Running for Your Life: Treadmill Notes
For years I scoffed at the treadmill. The very idea of a real workout on the treadmill as likely as a sock without a hole in it after three washings. In the immortal words of Rosie MacLennan of trampoline gold fame, “I would leave it all on the trampoline.” Leave it all on “the treadmill?” Seriously?!
Alas, those were my out-of-door days. When literally all I did in terms of exercise was to run every other day. Boring but interesting. In my first thirty-three years I entered a grand total of six races: two 10Ks, three marathons and a multi-mile coastal run in New Zealand in the early 1980s. In my second 10K, I won a trophy in 1980 for finishing in first in my age category. (In those days when not everyone and his dog were runners, I believe I was one of four in the category.) I loved to run, but some days I asked myself why I kept doing it.
Now in my late fifties I can’t just go out the door. And I can’t imagine not doing it, so I take safeguards. Every other day I work out with the view that by stretching and strengthening my body I am stretching the time I’ve got left as a runner.

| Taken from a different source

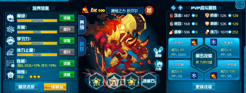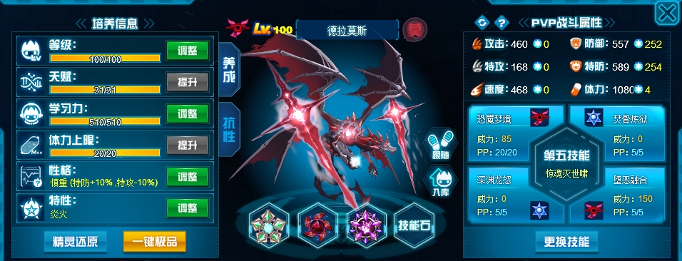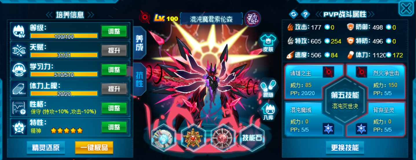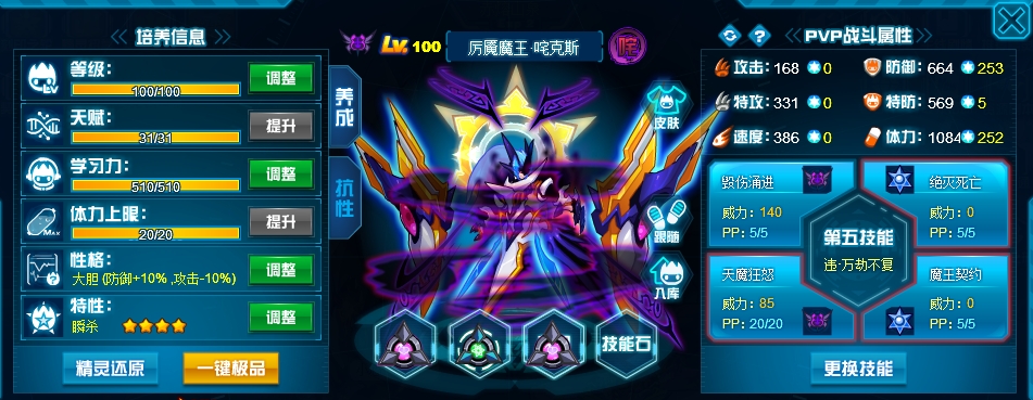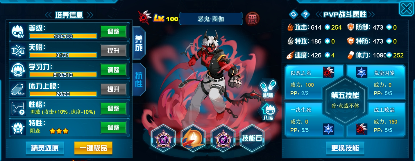 刷法上就常规的攻体没什么讲究,不过双防我觉得没必要因为弹伤技能刻意去压,因为恶鬼除了弹伤之外也经常中切消耗次免搭配艾夏拉联防,所以还是有必要堆一点直接的肉度,再说了,像坦普瑞这种基本刷攻还非常高倍克制的对象该弹死也直接弹死不需要刻意压。 然后恶鬼比较适合后手第五消回合封属和吸血,所以性格给了勇敢,不用担心因为速度不够主动性差的问题,以恶之名和成王败寇都是可以有额外先制的。

That means treadmill workouts. These days when I’ve got it in my head that I’ve not hit my marathon PR yet, they are especially important. If I have only twenty minutes to run (which is often the case in the non-summer months) then I go for a run on the treadmill at our neighborhood gym.

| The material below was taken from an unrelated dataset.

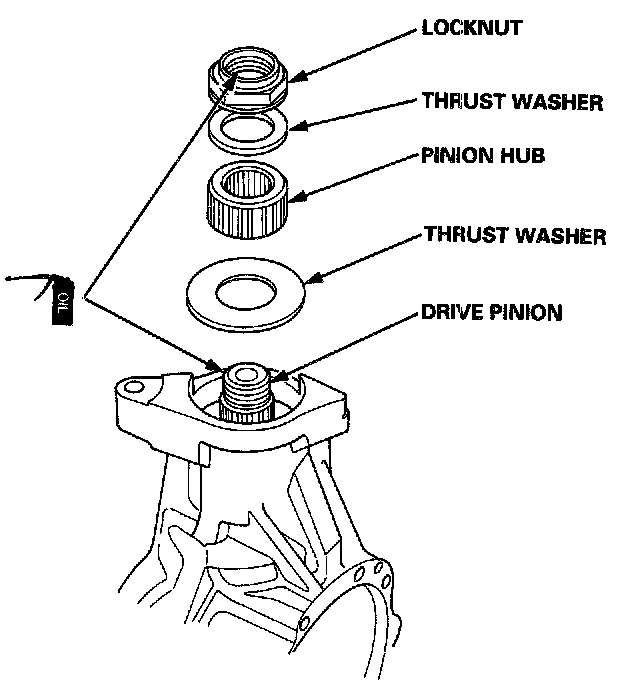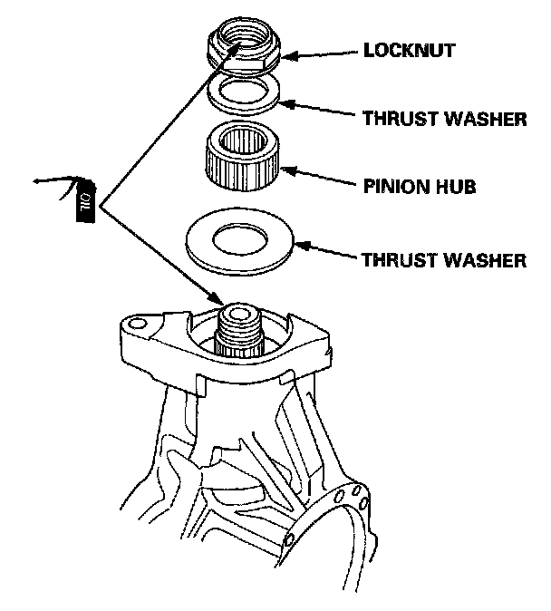 7. Install the large thrust washer, pinion hub, small thrust washer, and a new locknut.

Here I dial up the incline and run at a modest pace, and then in two-minute intervals dial down the incline while increasing the speed. In twenty minutes I’ll have put in a hard 2-plus miles workout – one that I feel in my legs and my lungs: an aerobic workout that serves to tune me up for the next day of more moderate outdoor running, an eight-minute-mile pace, say.
So don’t scoff at the treadmill. It helps to build bone density and fosters legs muscle strength and, yes, knee health while keeping you on the road, perhaps for years and years to come.